If corporations are people then that’s really gross because we walk inside of them all the time.
My will has a list of friends not allowed to speak at my funeral.
I made a list of things I would do for fried chicken. I’m not proud of the list, but not ashamed enough to cross anything off.
You know what else is terrible these days? Quests. They used to be an epic journey to slay a dragon and save the local townspeople. Now it’s just trying to find organic chia seeds in Wholefoods.
Giving someone a Dunkin Donuts gift certificate for their birthday is the perfect way to say “I love you” and “I hate you” at the same time
the hardest part of taking nudes is cleaning your room
So embarrassing when you compliment a lady on her large belly and it turns out she’s just pregnant.
That second remote is only useful for that one button on it which you push to switch from the first remote to the third remote.
wife: tell me her name
*slap*
wife: TELL ME HER NAME
*slap slap*
wife: and where did you get a seal anyway
Maybe put an Apple Air Tag in your F-35 jets.
Hear me out: Spray-on wrapping paper.
[holstering a comically oversized mallet]
I’m a firm believer in the healing power of cartoon violence.
“NO SHIT!”
~Urinals
“Of all the cheeses, you are my all-time favourite.”
Me, to whatever cheese I’m currently eating.
I refuse to allow anyone to drive me crazy. My GPS says it’s within walking distance.
Me *pouring coffee* are you going to work today?
Windows Explorer: who knows lol
After Captain America was thawed from the ice, his first encounter with a Japanese-American must’ve been really awkward.
Me: “Get me a can of Stella from the fridge please sweetheart”
10: “Do you give girls names to all of your beers Daddy?”
Me: “Stop asking silly questions Heineken.”
On a road trip, if you need to pee, you have two options: public restrooms or the grass.

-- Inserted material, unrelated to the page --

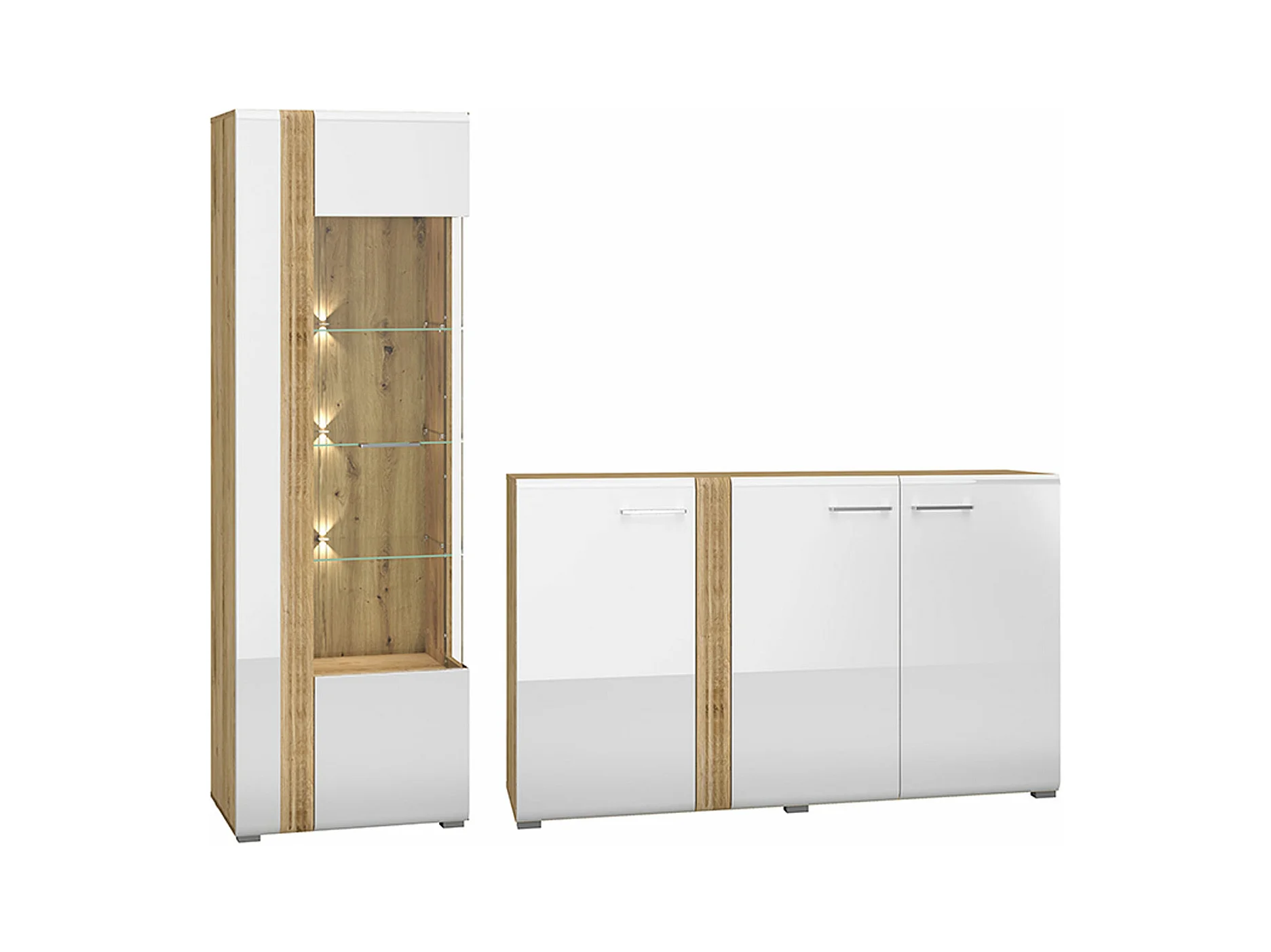 WOHNZIMMER-SET Adagio weiß Hochglanz / Eiche castello 2-teilig

I went for grass and could see my dogs nodding their heads in solidarity
Me: I can save some money if I install this new dishwasher myself.
*4 hours of clanging, shoving and inventing new curse words*
Me: Sticks out a little, but seems to work
Wife: Now the drawer with the silverware is blocked
Me: WE’LL EAT WITH OUR HANDS!!
math teacher: I said to bring your protractor to class
boy with cowboy hat: I’m just a good old fashioned country boy, I ain’t need nothin fancy, this simple tractor should do the job just fine ma’am
I have AirPods now, the next step is somehow staying rich and staying humble
My stove is the most expensive cigarette lighter I’ve ever purchased.
whoa, 4 ferrets stacked on top of one another wearing a trenchcoat!
“no, it’s me devin, from high school?”
wow ok you did not age well
I always thought a chickpea was just when girls go to the bathroom in groups.
for $5 i will write “yikes” under one of your ex’s selfies
Skrillex! It’s your cousin Marvin. Marvin Skrillex! Know that sound you’ve been looking for? I think I found it! *holds phone up to blender*
Aragorn: You have my sword.
Legolas: And you have my bow.
Gimli: And my axe.
Airport Security: Again, gentlemen, those items are not allowed on the plane.
Aragorn: But we’re heading to –
Airport Security: Mordor, I know. Look, you’re this close to getting on the no fly list.
After living in terror for 27 years, Gloria Estefan’s threat is realized; I open my car door, and am brutally attacked by the rhythm.